From: Bob Badour <bbadour_at_pei.sympatico.ca>
Date: Thu, 18 May 2006 22:02:53 GMT
Message-ID: <ha6bg.9542$A26.237330_at_ursa-nb00s0.nbnet.nb.ca>


erk wrote:

> Bob Badour wrote:
>

>>If one wants to use
>>a different syntax, it would make much more sense to use a translator.
>>However, none of the examples of alternate syntaxes she gives could
>>possibly offer any useful benefit over predicate logic.

>
> For data representation, I agree completely. But I think of UIs and
> reports as forms of data extracts: they're restricted and (typically,
> but not always) tree-structured "views" of a subset of a database. The
> power of relational for shared databases is in part its ability to
> support arbitrary extracts of the data in an egalitarian fashion - no
> application bias.
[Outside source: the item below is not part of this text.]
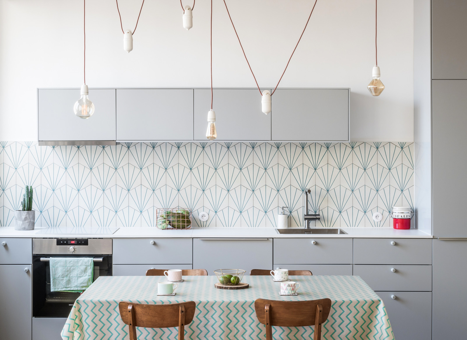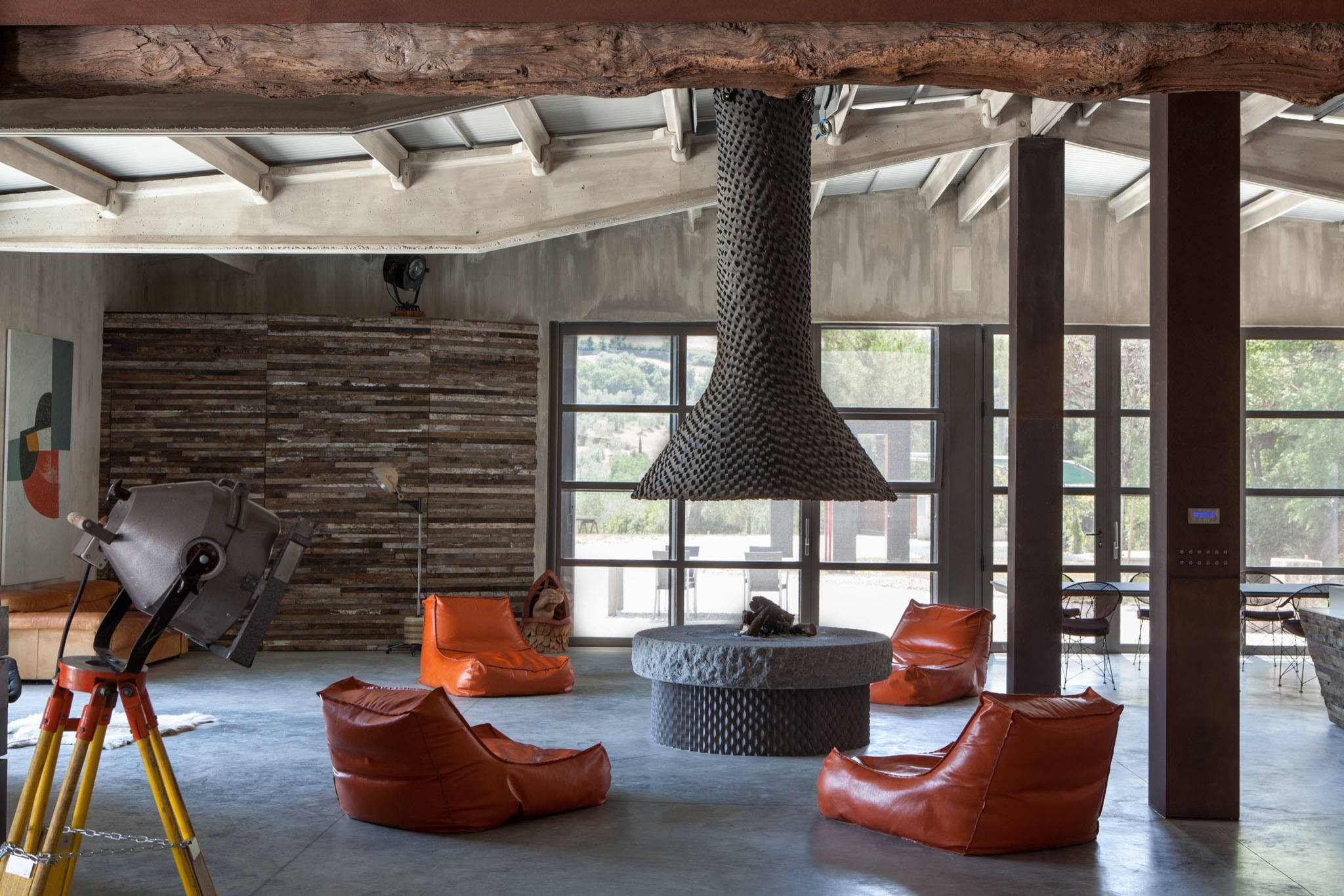 - "Factory" lighting - huge pendant lamps;

Any given UI or report includes a set of (typically
> key-related) restrictions and projections across different relations.
> It appears to me (and I could be wrong, as this is only a pet
> hypothesis at this point) that expression languages to derive these
> would be tree-structured, or at least would be different than a
> relational algebra or calculus.

Either the algebra or the calculus easily handles the simple restrictions required. Why would you want a different language?

>>Even if one goes the extra mile and tries to make sense of the gibberish
>>by substituting "computational model" or "model of concurrency", the
>>object oriented folks do not have a consensus on either so using the
>>definite article and suggesting that provides a unique starting place is
>>lunacy.

>
> In fairness, it wasn't Dawn who introduced the term. I thought maybe it
> had a meaning, but suspect it doesn't. Agreed that the O-O folks don't
> have a consensus on this, nor is it critical in the discussion of data.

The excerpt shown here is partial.